I'm still a Javascript/Node newbie but it seems to me that the suggested workarounds that involve waiting for an async notification that the stream has closed, or using process.nextTick() to delay the exit (or to rethrow the exception in the case of the original example) would allow the event loop to continue processing whatever was queued up next (chunks of async functions/promise chains, requests, etc.). Since the app is in an unknown state at this point due to the uncaught exception, that could lead to additional uncaught exceptions, or other unpredictable behavior, which is counterproductive in cases like this.

My takeaway here is that we either need a true synchronous write or flush for the log streams, or need to be relying only on stdout and piping to persistent storage from the host OS rather than the Node process. From previous comments it sounds like even stdout may be a problem on Windows.

I've been looking at the fs APIs and source code and it looks at least theoretically possible to me that bunyan could force a synchronous write (on demand, NOT for every write) but I'm not sure that this is compatible with the streams API that it currently uses (the sync methods are part of the fs APIs, not the steams APIs).

Am I missing something?

I have not traced all the way through from bunyan's stream output through to the underlying C fs implementation in enough detail to fully understand whether the problem here is due to JS style asynchronicity or whether it's just due to more traditional buffering issues but so far to me it looks like the former.

rationull commented 7 years ago

I just hacked on bunyan a little and confirmed that writes straight through to the underlying file descriptor using fs.writeSync() are indeed written synchronously and will make it to the log file, at least in my test case.

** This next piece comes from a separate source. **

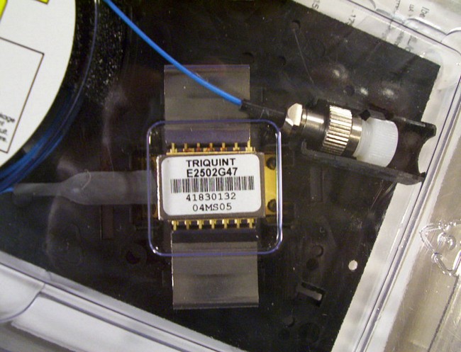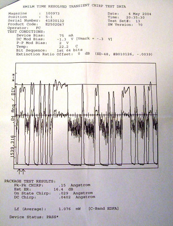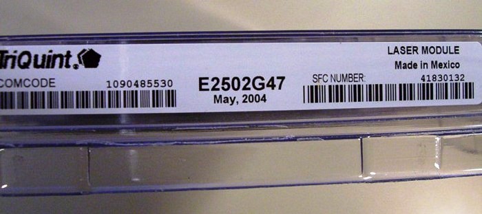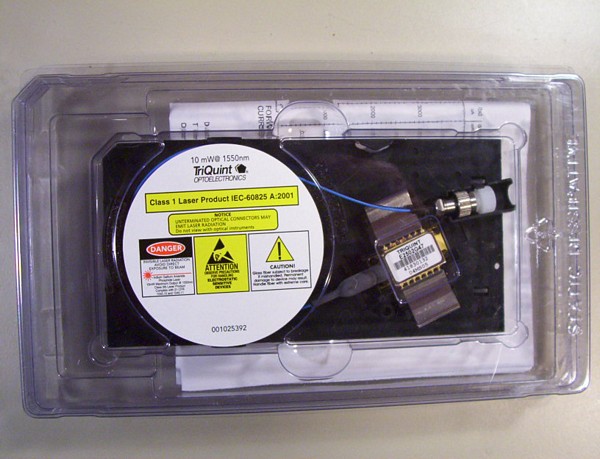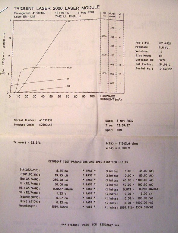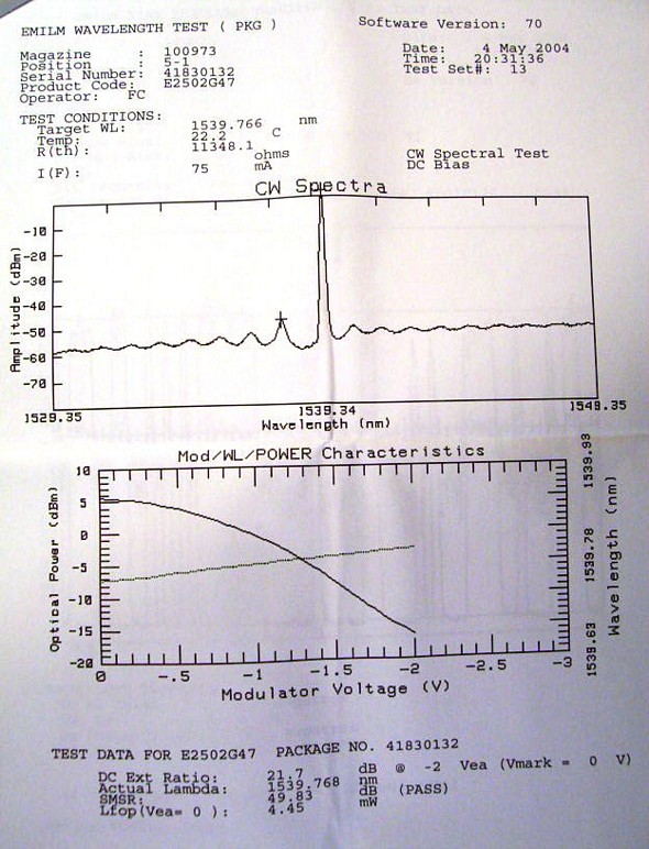 Very low dispersion penalty over 600 km standard fiber. FC/PC connector. With EA modulator. E2502G47 manufacture test data: If=2.74mW. made in May 2004 by Triquint. E2502G30 manufacture test data: If=1.42, 1.42, 1.42, 1.44, 2.41mW. made in Jan. 2004 by Triquint.

This will only work if the file descriptor has already been opened by the time the exception is thrown of course.

So another class of workarounds for this might be to provide a way to write a log message synchronously, which could be used in cases where it's known the process is about to terminate.

This is kind of an edge case, but @trentm do you have any input on how this would be best represented in bunyan's API if one were to submit a PR? Separate *sync() versions of the output functions? A sync mode flag on the logger? Something else?

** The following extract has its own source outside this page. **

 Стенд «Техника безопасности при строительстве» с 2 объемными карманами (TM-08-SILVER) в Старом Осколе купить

jdthorpe commented 7 years ago

@rationull , If you're worried about flushing the logs before node exits on an uncaught exception, shutdown signal, or normal exit, why not use the winston-log-and-exit patch like so:

require('winston-log-and-exit');
process.on('uncaughtException',  // or 'sigint' or 'exit'
    function (err) {
    winston.error("Uncaught Exception",err);

    // this message and all before it will be flushed before exiting:
    winston.log_and_exit("info","bye",1); 
});

Srokap commented 7 years ago

@jdthorpe This module doesn't really address the concern that we probably should not allow event loop to run any further. If we contained the logic to next tick queue, it would be reasonable solution IMO (still not perfect), but I doubt it is possible since we likely need to process something via IO events queue when flushing stuff.

fs.writeSync might work, but remember that targets can be just a custom stream. That will be a bigger issue.

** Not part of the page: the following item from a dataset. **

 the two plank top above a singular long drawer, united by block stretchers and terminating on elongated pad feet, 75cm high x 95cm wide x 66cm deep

IIRC core winston lib did something as dumb as setTimeout for 3s before killing process. For lack of a better solution it is better than nothing I guess.

rationull commented 7 years ago

@Srokap I was about to respond to the same effect based on my reading yesterday, but running a quick example it appears the finish event is indeed emitted synchronously with the end() call. It's not clear that the synchronicity is guaranteed through the whole stack but it looks at least possible that it is under the current implementation of the streams API.

rationull commented 7 years ago

@jdthorpe OK, actually it does appear that the 'finish' handlers will not be invoked until after the calling function terminates (i.e. after the uncaughtException handler terminates), so @Srokap is correct that this solution does not address the asynchronicity concern.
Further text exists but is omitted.